──────── Input material ────────

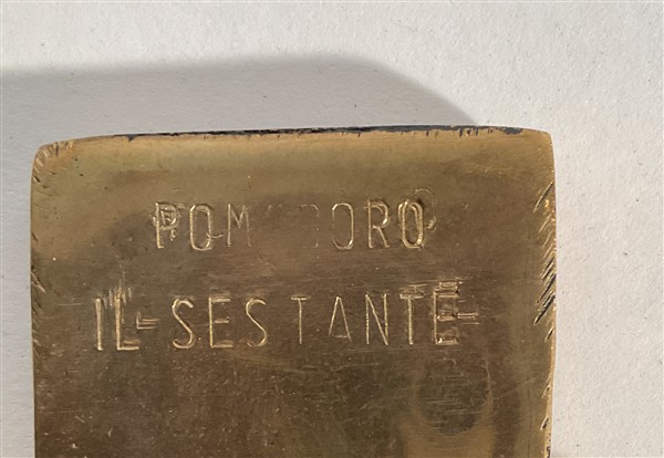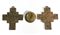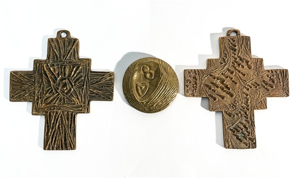 Due croci in fusione di ottone della serie "Il Sestante" e un tondo fermacarte. (l max cm 14)
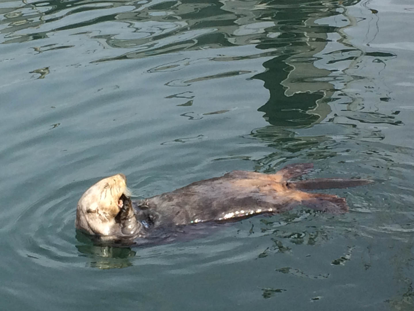 We put the boat in the water and are working out the winter kinks before the 3 hour cruises can begin. A sea otter was eating mussels in the open slip next door.
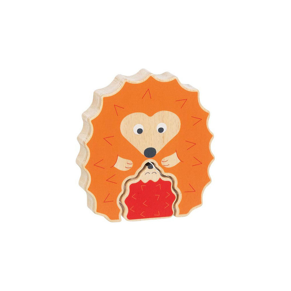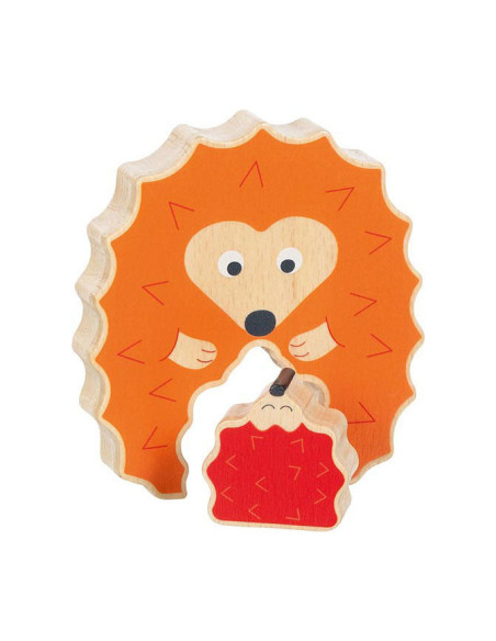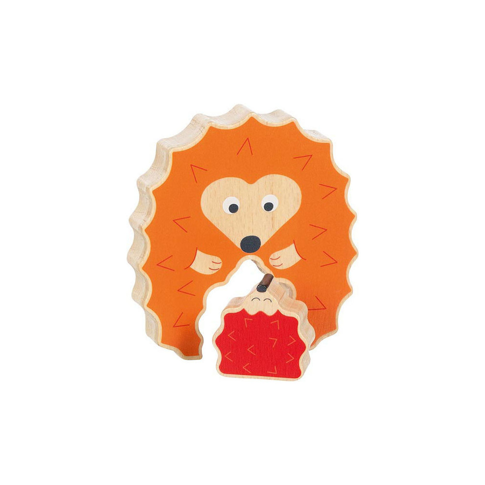 Lieve egel puzzel, een mama met baby. Plaats het baby egeltje op de juiste manier in de staande puzzel.
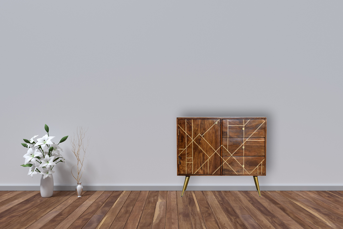 Constructed from 100% solid mango wood in a fine chestnut finish and offering plenty of storage space this sideboard will make the perfect addition to your bedroom. It features a gold abstract pattern on the door front and drawer fronts and stands on 4 brass Nordic style legs along with ample space on top for a lamp, candle, or photo frame.
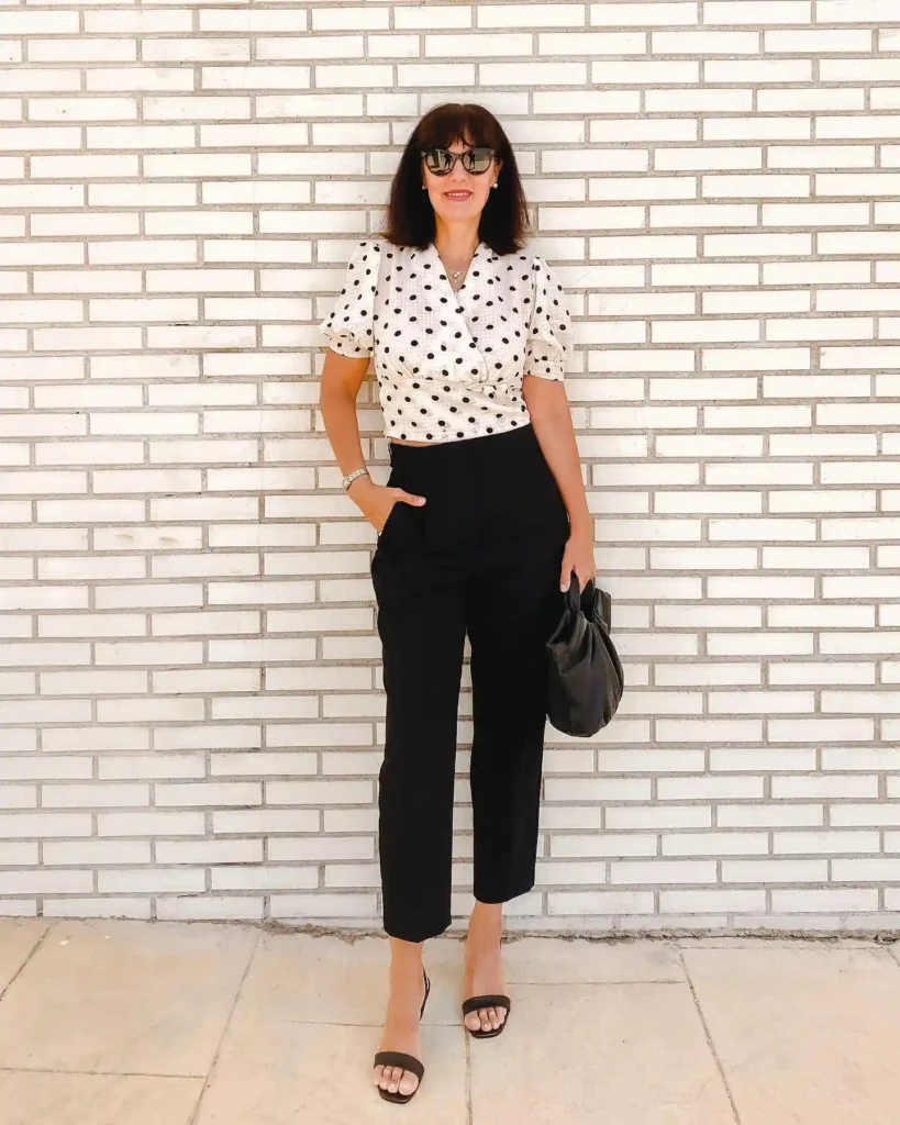 This outfit brings in a bit of personality while staying polished. The polka dot wrap-style top adds shape and interest, while the black cropped pants keep everything balanced.
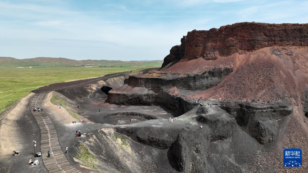 6月17日,游客在内蒙古乌兰察布市察哈尔右翼后旗内蒙古乌兰哈达火山地质公园6号火山游玩(无人机照片)。
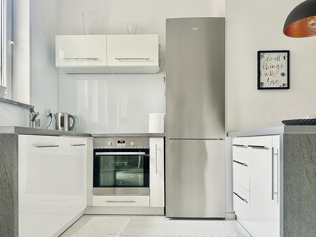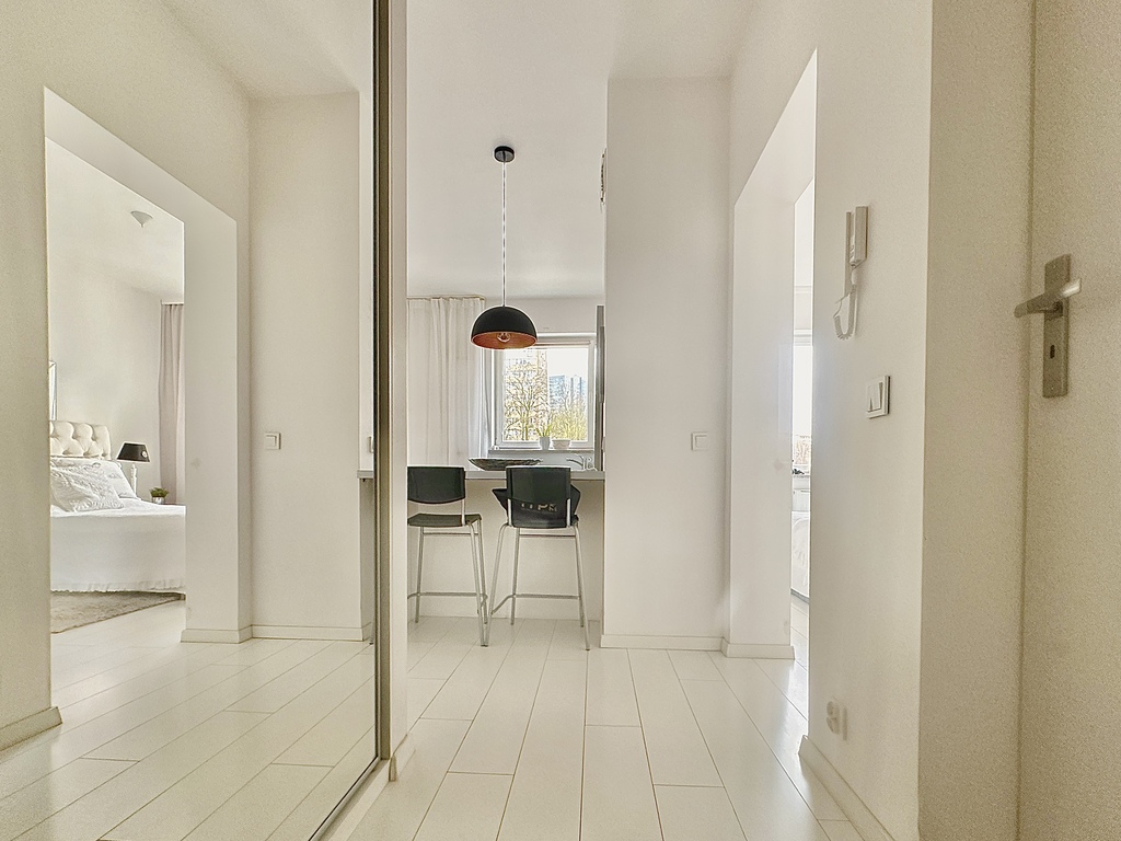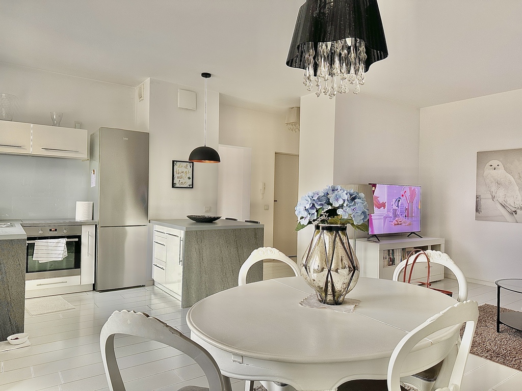 Apartament został wykończony materiałami najwyższej jakości, z dbałością o każdy szczegół. Jest sprzedawany w pełni umeblowany i wyposażony, co pozwala na wprowadzenie się od razu po zakupie.
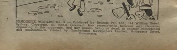 Silhouette Western No. 3.--Published by Reigate Pty. Ltd., 144 William Street, Sydney. Copyright. All rights reserved. Any resemblance between any character appearing in this magazine, and any person living or dead, is entirely coincidental and unintentional. Printed by Cumberland Newspapers Limited, Macquarie Street, Parramatta.
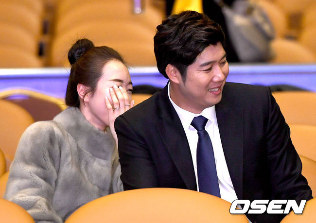 두산 장원준과 예비신부가 12일 오후 서울 삼성동 코엑스 오디토리움에서 열린 '2016 카스포인트 어워즈'에 참석해 미소짓고 있다. /dreamer@osen.co.kr

────────

**Try it:**
From the listing above, please give again the lines that begin with the line holding "This outfit brings" and go on through the line holding "Apartament został wykończony", exactly, both ends included, minus any picture.

**Finished task:**
 This outfit brings in a bit of personality while staying polished. The polka dot wrap-style top adds shape and interest, while the black cropped pants keep everything balanced.
 6月17日,游客在内蒙古乌兰察布市察哈尔右翼后旗内蒙古乌兰哈达火山地质公园6号火山游玩(无人机照片)。
 Apartament został wykończony materiałami najwyższej jakości, z dbałością o każdy szczegół. Jest sprzedawany w pełni umeblowany i wyposażony, co pozwala na wprowadzenie się od razu po zakupie.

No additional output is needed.